--- START ---

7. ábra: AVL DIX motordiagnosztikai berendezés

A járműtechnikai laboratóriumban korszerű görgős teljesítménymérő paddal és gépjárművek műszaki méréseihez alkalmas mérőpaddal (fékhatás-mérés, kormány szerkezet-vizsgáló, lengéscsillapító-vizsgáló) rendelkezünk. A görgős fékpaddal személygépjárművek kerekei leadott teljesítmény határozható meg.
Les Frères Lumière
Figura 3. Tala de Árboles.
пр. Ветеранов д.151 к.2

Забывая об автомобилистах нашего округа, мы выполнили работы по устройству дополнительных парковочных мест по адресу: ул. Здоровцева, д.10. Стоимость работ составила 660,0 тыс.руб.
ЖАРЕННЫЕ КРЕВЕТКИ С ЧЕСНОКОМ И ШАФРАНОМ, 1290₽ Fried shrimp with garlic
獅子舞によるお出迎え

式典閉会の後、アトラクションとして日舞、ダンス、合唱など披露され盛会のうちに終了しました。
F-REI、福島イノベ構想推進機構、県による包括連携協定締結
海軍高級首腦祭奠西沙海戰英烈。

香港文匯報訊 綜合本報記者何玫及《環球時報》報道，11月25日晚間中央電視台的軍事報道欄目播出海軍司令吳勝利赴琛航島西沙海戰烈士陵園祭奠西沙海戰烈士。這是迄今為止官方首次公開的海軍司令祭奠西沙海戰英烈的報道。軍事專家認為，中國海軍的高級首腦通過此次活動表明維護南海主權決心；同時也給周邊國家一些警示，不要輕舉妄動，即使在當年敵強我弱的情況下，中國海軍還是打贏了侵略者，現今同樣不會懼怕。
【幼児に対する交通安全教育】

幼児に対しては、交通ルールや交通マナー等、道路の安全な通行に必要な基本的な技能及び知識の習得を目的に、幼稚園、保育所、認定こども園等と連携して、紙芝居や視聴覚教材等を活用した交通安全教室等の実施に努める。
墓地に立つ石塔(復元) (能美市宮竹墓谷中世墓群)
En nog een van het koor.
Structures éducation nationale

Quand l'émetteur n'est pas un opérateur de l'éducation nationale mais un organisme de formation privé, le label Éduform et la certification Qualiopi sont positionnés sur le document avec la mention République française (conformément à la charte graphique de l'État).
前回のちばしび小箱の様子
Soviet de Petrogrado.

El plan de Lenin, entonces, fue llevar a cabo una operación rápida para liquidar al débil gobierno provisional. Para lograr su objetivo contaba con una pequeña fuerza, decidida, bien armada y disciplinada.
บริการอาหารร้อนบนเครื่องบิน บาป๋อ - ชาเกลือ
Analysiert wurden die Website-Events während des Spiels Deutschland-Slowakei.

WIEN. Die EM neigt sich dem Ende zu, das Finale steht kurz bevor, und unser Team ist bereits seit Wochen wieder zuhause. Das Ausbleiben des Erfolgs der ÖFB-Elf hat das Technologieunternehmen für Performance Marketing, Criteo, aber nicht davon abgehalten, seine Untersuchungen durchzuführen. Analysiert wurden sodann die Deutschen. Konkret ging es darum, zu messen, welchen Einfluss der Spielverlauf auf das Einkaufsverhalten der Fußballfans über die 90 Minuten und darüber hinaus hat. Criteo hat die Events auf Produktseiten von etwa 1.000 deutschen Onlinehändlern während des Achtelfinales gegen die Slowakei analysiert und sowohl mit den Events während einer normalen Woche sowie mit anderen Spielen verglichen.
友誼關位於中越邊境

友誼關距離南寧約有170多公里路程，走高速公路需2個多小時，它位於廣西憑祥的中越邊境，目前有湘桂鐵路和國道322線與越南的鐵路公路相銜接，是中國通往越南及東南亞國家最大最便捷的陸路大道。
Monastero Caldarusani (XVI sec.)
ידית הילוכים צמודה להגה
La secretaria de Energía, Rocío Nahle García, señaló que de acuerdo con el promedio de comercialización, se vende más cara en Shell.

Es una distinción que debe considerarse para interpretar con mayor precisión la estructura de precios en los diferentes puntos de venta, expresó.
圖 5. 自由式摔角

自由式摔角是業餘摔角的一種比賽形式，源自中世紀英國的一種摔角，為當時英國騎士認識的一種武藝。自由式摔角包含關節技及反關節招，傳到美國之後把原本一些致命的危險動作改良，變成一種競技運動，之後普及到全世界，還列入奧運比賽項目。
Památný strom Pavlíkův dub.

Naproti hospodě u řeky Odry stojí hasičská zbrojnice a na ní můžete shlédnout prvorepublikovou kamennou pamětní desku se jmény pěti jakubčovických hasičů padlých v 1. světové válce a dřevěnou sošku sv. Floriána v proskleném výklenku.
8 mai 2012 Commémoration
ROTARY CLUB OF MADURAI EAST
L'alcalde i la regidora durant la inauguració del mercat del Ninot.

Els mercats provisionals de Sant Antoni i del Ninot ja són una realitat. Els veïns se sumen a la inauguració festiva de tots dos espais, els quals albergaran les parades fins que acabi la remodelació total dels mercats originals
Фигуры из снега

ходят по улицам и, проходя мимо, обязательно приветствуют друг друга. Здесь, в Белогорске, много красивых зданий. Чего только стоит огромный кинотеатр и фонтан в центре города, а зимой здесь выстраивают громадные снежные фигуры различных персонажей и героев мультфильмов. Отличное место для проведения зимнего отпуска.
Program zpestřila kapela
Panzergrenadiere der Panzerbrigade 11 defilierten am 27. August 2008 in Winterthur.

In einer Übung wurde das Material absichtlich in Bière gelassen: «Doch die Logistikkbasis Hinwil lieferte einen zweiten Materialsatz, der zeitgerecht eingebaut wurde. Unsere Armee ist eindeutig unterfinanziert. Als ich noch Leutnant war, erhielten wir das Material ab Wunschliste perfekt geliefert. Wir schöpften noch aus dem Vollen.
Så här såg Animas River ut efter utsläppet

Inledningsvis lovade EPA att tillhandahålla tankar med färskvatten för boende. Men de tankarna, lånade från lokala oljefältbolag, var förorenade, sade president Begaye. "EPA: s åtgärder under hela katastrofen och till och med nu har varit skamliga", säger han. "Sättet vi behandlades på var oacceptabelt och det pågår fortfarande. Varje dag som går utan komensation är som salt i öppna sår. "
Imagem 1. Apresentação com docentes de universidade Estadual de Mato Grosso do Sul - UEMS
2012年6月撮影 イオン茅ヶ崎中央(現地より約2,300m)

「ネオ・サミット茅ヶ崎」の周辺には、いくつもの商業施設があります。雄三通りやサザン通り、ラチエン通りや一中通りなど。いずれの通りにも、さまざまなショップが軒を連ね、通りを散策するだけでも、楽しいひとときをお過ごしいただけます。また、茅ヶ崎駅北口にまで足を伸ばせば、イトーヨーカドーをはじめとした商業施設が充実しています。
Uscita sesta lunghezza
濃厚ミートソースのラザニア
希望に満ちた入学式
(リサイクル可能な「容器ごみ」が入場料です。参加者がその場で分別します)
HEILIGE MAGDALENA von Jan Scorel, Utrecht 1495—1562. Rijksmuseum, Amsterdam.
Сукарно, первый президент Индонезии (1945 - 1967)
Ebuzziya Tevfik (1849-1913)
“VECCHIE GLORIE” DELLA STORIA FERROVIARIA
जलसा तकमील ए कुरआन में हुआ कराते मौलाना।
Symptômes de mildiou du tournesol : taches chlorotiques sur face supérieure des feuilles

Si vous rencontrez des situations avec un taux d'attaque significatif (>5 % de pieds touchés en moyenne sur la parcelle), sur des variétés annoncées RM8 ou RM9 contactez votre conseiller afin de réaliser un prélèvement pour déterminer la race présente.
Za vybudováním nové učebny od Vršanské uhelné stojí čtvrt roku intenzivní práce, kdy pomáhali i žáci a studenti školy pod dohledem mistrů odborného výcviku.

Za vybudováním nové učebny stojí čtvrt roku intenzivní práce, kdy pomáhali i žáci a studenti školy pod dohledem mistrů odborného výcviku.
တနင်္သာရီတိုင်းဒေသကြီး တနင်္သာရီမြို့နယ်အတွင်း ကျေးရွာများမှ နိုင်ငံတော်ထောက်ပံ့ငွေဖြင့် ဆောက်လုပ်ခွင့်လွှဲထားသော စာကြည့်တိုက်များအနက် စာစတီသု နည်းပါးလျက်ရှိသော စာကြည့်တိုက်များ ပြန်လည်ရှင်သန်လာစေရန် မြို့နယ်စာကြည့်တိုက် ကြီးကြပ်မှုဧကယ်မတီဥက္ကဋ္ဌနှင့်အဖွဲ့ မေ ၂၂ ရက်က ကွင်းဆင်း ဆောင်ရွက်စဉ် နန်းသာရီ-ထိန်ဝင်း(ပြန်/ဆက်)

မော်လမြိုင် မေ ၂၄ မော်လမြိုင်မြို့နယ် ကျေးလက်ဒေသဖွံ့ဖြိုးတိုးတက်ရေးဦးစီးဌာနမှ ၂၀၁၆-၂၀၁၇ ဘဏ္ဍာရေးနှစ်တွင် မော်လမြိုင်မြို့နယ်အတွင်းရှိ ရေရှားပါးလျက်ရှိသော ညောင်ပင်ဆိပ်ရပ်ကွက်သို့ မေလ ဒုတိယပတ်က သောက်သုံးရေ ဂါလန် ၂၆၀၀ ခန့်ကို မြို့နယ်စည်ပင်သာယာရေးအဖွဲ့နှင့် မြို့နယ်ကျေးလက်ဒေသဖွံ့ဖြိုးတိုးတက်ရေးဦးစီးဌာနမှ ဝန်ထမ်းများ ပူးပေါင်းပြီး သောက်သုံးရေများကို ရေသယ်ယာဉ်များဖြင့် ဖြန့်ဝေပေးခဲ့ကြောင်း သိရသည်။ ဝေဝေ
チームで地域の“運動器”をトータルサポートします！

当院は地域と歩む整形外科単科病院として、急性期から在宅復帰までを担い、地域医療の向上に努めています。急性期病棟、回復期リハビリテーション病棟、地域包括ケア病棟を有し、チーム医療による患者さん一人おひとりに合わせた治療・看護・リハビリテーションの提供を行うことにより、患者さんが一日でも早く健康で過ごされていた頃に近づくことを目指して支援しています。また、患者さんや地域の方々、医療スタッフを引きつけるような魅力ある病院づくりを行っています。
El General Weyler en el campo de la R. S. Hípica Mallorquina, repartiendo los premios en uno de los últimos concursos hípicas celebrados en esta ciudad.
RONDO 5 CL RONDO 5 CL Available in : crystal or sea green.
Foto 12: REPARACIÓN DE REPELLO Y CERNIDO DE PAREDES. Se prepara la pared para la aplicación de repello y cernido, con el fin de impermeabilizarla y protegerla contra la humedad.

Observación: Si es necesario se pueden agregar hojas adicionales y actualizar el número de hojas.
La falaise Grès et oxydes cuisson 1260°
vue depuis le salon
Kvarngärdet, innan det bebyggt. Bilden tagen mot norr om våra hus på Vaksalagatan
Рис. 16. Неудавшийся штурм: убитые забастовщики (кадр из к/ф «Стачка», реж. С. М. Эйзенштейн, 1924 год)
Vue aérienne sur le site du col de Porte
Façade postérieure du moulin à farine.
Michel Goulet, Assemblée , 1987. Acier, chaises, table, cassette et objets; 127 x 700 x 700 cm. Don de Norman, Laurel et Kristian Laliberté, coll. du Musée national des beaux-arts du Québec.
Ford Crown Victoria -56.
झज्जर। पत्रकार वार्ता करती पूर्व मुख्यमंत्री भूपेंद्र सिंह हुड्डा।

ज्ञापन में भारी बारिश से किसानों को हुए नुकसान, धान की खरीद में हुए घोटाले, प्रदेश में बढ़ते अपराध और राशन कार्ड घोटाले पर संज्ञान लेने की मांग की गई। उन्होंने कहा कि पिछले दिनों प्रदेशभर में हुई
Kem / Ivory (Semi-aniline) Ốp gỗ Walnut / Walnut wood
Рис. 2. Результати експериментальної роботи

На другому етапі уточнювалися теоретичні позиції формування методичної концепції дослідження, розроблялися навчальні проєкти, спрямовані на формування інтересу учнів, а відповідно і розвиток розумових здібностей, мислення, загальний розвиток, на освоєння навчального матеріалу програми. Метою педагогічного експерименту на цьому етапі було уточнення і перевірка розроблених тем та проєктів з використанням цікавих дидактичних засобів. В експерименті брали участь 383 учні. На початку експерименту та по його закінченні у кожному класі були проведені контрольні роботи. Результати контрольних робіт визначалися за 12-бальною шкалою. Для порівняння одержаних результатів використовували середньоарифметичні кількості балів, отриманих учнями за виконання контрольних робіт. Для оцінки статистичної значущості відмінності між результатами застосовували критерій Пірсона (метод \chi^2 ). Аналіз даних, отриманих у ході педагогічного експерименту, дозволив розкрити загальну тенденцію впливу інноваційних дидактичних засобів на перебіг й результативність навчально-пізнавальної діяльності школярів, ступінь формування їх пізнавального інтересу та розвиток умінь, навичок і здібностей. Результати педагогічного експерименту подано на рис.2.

--- END ---

Problem description: The response should hold exactly the lines starting at the line with "Naproti hospodě u" and ending at the line with "Фигуры из снега", and no other line of the material above.

Written solution:
Naproti hospodě u řeky Odry stojí hasičská zbrojnice a na ní můžete shlédnout prvorepublikovou kamennou pamětní desku se jmény pěti jakubčovických hasičů padlých v 1. světové válce a dřevěnou sošku sv. Floriána v proskleném výklenku.
8 mai 2012 Commémoration
ROTARY CLUB OF MADURAI EAST
L'alcalde i la regidora durant la inauguració del mercat del Ninot.

Els mercats provisionals de Sant Antoni i del Ninot ja són una realitat. Els veïns se sumen a la inauguració festiva de tots dos espais, els quals albergaran les parades fins que acabi la remodelació total dels mercats originals
Фигуры из снега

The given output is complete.